President Bush has singlehandedly ended all scientific progress in the United States. Or at least you’d think so to read USA Today‘s editorial from last week.
Not only did he halt scientific progress–
Unlike some presidential vetoes, Bush’s would be more than symbolic. Because the House isn’t expected to muster the two-thirds vote needed to override, it would kill the bill. The veto would impede medical progress at potentially enormous human cost, allow abortion politics to trump science and go against the wishes of most Americans.
[in other words, USA Today is satisfied only with meaningless vetoes, unless they go their way] –the results of embryonic stem-cell research will nonetheless be happily achieved in 25 years: “A quarter-century from now, when the benefits of embryonic stem cell research are being realized, Americans are likely to shake their heads in astonishment at this week’s events in Washington.”
Despite the fact that USA Today is now able to see the future with absolute clarity, the editors also make unfounded rhetorical moves designed to cast all those who oppose the needless abuse of human life as anti-science neanderthals. Besides, “These microscopic clusters of cells aren’t life as most people think of it. They have the potential to become human only if they are successfully implanted in a woman’s uterus.” My question is, what do they have the potential to become otherwise? Cows? Before painting others as anti-scientific progress, maybe the USAT editors should get their biological facts straight: no matter whether a fertilized egg is implanted in a woman’s uterus, it still has the “potential” to become only a human being. Of course, this is dismissed by the glib statement that they aren’t life “as most people think of it,” meaning, as “we the editors think of it.” I’m sure the medical community has a different take on it.

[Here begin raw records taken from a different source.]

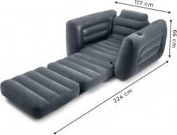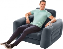 Comfortable and compact inflatable chair offers pleasant seating with an integrated drink holder in the armrest. Ideal for relaxing after a hard day.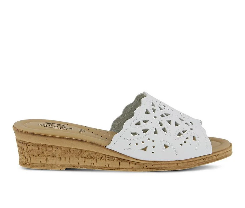 Women's SPRING STEP Estella Wedge Sandals Mid-heel slide wedge featuring a geometric laser-cut leather upper.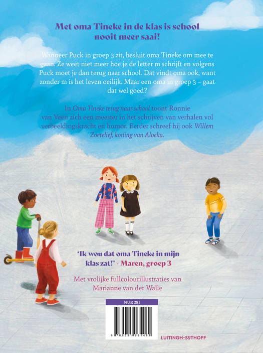 Wanneer Puck in groep 3 zit, besluit oma Tineke om mee te gaan. Ze weet niet meer hoe je de letter m schrijft en volgens Puck moet je dan terug naar school. Dat vindt oma ook, want zonder m is het leven oeilijk. Maar een oma in groep 3 - gaat dat wel goed? Als oma Tineke haar broodtrommel vergeet, belt ze de pizzabrommer, ze belandt bijna in het vijvertje vol piranha's van conciërge Knalbloem, en ze haalt een wildvreemde invalkracht van straat die de kinderen een horrorfilm over een eenhoorn wil laten zien. Eén ding is zeker: met oma Tineke is school allesbehalve saai!

“Anti-progress” is a common point of attack, but let’s think about that one. Progress is only important relative to the goal at which one aims. If the goal is libertine scientific experimentation by means of which some utilitarian goal might be reached, progress cannot be good in any objective sense. On the other hand, cutting off the beginnings of further destructive experimentation on human lives deemed expendable for the sake of science is indeed progress toward a good end, namely, that each life is valued for the end to which God has ordained it. To suggest that scientific “progress” undefined is a good to be pursued at any cost is ridiculous on the face of it. It all depends on which end and whose progress.